→ TASK BRIEF
Give back the data in full. Leave nothing out.

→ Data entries
···

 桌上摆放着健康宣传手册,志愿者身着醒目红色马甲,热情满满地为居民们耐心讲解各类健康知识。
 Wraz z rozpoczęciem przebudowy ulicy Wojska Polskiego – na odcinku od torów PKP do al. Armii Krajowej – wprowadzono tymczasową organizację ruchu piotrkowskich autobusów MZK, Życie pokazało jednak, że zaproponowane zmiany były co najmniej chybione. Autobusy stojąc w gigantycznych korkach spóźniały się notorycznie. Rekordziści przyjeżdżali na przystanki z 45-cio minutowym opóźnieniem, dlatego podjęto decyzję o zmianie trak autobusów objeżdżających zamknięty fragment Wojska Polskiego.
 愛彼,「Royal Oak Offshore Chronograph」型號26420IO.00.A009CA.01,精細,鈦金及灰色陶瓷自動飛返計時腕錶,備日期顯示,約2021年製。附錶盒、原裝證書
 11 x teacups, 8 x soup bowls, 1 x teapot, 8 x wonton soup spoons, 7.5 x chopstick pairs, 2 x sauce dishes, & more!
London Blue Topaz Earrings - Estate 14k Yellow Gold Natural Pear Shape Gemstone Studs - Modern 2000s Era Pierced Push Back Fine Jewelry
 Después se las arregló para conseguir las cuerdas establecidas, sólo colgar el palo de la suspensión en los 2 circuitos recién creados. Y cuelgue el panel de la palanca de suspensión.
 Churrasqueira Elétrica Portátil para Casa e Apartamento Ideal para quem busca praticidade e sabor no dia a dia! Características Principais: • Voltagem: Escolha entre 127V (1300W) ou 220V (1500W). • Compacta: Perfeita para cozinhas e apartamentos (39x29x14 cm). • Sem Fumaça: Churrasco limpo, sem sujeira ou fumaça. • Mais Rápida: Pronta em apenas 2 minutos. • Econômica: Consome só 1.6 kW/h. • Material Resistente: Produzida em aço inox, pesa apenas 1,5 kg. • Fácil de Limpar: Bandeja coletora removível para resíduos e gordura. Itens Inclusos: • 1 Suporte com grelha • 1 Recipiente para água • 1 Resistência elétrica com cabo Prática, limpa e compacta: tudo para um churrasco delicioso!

···

→ TASK ANSWER
 桌上摆放着健康宣传手册,志愿者身着醒目红色马甲,热情满满地为居民们耐心讲解各类健康知识。
 Wraz z rozpoczęciem przebudowy ulicy Wojska Polskiego – na odcinku od torów PKP do al. Armii Krajowej – wprowadzono tymczasową organizację ruchu piotrkowskich autobusów MZK, Życie pokazało jednak, że zaproponowane zmiany były co najmniej chybione. Autobusy stojąc w gigantycznych korkach spóźniały się notorycznie. Rekordziści przyjeżdżali na przystanki z 45-cio minutowym opóźnieniem, dlatego podjęto decyzję o zmianie trak autobusów objeżdżających zamknięty fragment Wojska Polskiego.
 愛彼,「Royal Oak Offshore Chronograph」型號26420IO.00.A009CA.01,精細,鈦金及灰色陶瓷自動飛返計時腕錶,備日期顯示,約2021年製。附錶盒、原裝證書
 11 x teacups, 8 x soup bowls, 1 x teapot, 8 x wonton soup spoons, 7.5 x chopstick pairs, 2 x sauce dishes, & more!
London Blue Topaz Earrings - Estate 14k Yellow Gold Natural Pear Shape Gemstone Studs - Modern 2000s Era Pierced Push Back Fine Jewelry
 Después se las arregló para conseguir las cuerdas establecidas, sólo colgar el palo de la suspensión en los 2 circuitos recién creados. Y cuelgue el panel de la palanca de suspensión.
 Churrasqueira Elétrica Portátil para Casa e Apartamento Ideal para quem busca praticidade e sabor no dia a dia! Características Principais: • Voltagem: Escolha entre 127V (1300W) ou 220V (1500W). • Compacta: Perfeita para cozinhas e apartamentos (39x29x14 cm). • Sem Fumaça: Churrasco limpo, sem sujeira ou fumaça. • Mais Rápida: Pronta em apenas 2 minutos. • Econômica: Consome só 1.6 kW/h. • Material Resistente: Produzida em aço inox, pesa apenas 1,5 kg. • Fácil de Limpar: Bandeja coletora removível para resíduos e gordura. Itens Inclusos: • 1 Suporte com grelha • 1 Recipiente para água • 1 Resistência elétrica com cabo Prática, limpa e compacta: tudo para um churrasco delicioso!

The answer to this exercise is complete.